We cannot ascertain that any living examples of the Kob have been received by the Zoological Society subsequently to that obtained in 1836 as already mentioned; but a female, which was formerly living in the Zoological Garden of Amsterdam, is now in the gallery of the Leyden Museum, and in August 1895 Sclater saw a fine male of this species in the Jardin des Plantes at Paris (see P. Z. S. 1895, p. 688) and another male in the private collection of the late Mr. Sharland at Tours. These two animals, we have been informed, were imported together from West Africa.
From Senegal and the Gambia the Kob extends through the interior of West Africa to Togoland, where it has been obtained by the German collectors inland from Bismarckburg and far into the Niger territory. As regards the latter locality, Sclater has examined a pair of horns of the Kob obtained by Capt. A. F. Mockler-Ferryman at Ibi, on the Benué, in the autumn of 1889, when he was travelling with Major Claude Macdonald’s expedition up that river; and Capt. Mockler-Ferryman has kindly supplied us with the following note on them:—“The Antelopes, from a male of which this pair of horns were taken, were fairly plentiful everywhere in the open park-like country of the Benué, and, so far as I can remember, were exactly similar in habits to Vardon’s Antelope, as described by Selous. These horns measure 17½ inches in length along the curve. The females of this Antelope had no horns.”
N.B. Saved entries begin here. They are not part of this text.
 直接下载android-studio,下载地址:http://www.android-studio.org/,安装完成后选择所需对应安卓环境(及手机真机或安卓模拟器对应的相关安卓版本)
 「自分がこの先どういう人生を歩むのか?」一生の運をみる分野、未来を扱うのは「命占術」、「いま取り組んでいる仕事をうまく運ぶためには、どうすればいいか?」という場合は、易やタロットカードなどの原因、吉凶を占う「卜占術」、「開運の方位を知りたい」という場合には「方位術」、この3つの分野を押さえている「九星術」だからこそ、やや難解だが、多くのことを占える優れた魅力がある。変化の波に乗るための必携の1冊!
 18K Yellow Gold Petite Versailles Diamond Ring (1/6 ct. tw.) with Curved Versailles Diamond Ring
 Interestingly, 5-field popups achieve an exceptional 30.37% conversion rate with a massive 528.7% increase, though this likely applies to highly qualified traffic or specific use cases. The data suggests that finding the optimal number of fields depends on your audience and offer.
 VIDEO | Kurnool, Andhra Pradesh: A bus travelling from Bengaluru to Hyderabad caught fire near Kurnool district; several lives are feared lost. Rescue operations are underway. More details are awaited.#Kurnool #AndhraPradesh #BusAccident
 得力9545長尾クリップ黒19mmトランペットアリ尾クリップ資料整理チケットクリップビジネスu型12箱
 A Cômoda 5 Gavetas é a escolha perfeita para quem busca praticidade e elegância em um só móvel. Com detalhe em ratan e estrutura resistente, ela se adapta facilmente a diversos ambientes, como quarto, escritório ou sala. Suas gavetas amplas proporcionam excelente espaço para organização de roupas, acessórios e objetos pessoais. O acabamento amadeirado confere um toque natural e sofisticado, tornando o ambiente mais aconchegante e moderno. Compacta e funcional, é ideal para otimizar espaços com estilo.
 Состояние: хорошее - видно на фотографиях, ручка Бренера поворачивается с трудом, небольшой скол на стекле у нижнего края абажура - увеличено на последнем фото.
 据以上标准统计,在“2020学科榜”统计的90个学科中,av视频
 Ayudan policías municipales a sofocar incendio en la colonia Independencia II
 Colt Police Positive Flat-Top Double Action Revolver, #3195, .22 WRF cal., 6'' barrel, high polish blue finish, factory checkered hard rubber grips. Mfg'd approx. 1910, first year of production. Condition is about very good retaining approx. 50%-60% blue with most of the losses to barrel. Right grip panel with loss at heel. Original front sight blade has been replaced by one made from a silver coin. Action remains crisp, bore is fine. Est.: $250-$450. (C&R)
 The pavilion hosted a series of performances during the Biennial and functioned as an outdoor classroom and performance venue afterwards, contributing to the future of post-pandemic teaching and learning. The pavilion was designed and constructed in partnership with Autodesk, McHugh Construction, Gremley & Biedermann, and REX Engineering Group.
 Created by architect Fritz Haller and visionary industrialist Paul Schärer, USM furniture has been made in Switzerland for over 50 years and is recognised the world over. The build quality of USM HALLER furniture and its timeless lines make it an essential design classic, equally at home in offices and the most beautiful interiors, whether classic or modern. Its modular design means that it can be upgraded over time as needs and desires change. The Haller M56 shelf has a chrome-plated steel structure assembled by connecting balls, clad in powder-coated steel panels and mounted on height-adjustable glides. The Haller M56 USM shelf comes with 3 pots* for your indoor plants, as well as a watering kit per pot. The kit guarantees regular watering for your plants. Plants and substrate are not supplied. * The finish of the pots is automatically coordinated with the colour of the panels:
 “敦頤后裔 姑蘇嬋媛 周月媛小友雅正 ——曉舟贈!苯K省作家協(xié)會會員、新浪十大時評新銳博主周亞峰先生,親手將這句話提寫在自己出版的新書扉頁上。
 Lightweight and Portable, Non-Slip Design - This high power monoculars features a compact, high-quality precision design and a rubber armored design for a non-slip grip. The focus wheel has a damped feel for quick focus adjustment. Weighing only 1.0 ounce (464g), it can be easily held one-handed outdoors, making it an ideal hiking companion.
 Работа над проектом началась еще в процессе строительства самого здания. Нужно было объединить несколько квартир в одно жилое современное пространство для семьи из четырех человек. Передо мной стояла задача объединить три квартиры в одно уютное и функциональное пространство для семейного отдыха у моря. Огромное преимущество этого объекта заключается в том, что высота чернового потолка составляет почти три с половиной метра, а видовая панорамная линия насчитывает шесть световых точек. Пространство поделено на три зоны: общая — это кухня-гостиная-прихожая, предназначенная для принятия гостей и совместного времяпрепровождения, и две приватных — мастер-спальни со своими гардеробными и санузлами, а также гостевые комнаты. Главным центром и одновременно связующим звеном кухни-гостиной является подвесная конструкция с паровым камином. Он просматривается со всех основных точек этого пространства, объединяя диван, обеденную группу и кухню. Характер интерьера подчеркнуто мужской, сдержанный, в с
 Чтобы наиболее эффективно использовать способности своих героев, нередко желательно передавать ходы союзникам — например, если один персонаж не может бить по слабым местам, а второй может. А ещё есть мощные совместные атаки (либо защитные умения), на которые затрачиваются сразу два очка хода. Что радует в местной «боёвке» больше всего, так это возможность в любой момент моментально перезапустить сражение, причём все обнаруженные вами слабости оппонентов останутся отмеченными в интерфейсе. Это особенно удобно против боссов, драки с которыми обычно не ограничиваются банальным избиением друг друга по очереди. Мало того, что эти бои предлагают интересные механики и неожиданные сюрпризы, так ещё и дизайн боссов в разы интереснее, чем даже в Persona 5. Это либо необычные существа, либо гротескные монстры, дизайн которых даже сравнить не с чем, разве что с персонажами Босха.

In 1895 Capt. Lugard during his expedition to Bornu obtained a skin and two skulls of this Antelope at Lukoja on the Niger, and presented them to the British Museum. It was the examination of Capt. Lugard’s specimens that first convinced Thomas that the Uganda Kob (subsequently named Cobus thomasi) belongs to a different species. The specimens previously in the National Collection (a male and female from the Gambia, collected by Whitfield) were both immature, and consequently of little use for accurate comparison.
Our figure of Buffon’s Kob (Plate XL.) was lithographed for Sir Victor Brooke by Smit from a coloured drawing by Wolf, but we have not been able to ascertain from what specimen the drawing was originally taken.